Look through the listing below for the line containing "BACKPACK HAS PICTURES". Copy it and each line after it up to and including the line containing "На стаканчике есть", exactly, leaving out pictures.

Records for this exercise Start Marker

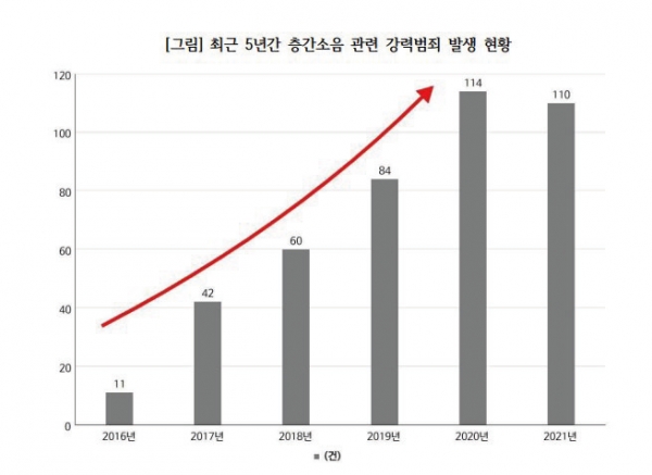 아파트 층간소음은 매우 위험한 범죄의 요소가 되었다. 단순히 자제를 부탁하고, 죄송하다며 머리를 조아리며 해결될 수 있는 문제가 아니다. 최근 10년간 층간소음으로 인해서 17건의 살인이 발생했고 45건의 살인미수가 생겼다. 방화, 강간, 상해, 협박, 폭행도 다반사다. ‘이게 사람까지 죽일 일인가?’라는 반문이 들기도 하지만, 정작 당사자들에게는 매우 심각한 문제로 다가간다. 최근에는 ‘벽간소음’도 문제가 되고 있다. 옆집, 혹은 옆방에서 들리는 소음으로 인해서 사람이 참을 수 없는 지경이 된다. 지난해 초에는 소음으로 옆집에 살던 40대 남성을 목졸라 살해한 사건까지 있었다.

Records for this exercise End Marker
Records for this exercise Start Marker

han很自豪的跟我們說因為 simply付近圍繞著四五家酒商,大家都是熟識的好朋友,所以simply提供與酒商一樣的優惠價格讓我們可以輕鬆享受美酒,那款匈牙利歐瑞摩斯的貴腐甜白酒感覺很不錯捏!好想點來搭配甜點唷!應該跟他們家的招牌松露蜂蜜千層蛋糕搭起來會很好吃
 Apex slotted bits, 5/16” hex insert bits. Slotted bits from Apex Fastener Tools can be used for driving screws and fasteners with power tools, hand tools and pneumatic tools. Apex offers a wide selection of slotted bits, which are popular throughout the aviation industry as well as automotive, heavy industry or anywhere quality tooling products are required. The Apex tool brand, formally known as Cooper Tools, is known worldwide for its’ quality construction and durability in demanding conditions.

Records for this exercise End Marker
Records for this exercise Start Marker

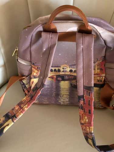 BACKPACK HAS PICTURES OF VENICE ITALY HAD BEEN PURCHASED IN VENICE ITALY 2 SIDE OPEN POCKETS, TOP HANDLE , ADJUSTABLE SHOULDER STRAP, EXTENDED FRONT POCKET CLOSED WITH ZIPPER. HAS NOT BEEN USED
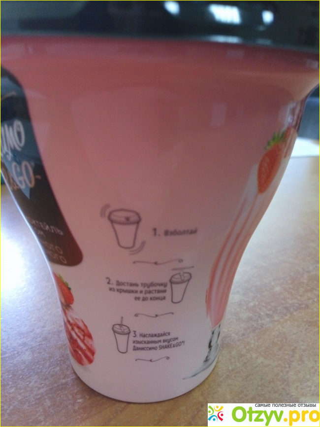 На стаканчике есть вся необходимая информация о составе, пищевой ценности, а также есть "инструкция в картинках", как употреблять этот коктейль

Records for this exercise End Marker

### Exercise answer
 BACKPACK HAS PICTURES OF VENICE ITALY HAD BEEN PURCHASED IN VENICE ITALY 2 SIDE OPEN POCKETS, TOP HANDLE , ADJUSTABLE SHOULDER STRAP, EXTENDED FRONT POCKET CLOSED WITH ZIPPER. HAS NOT BEEN USED
 На стаканчике есть вся необходимая информация о составе, пищевой ценности, а также есть "инструкция в картинках", как употреблять этот коктейль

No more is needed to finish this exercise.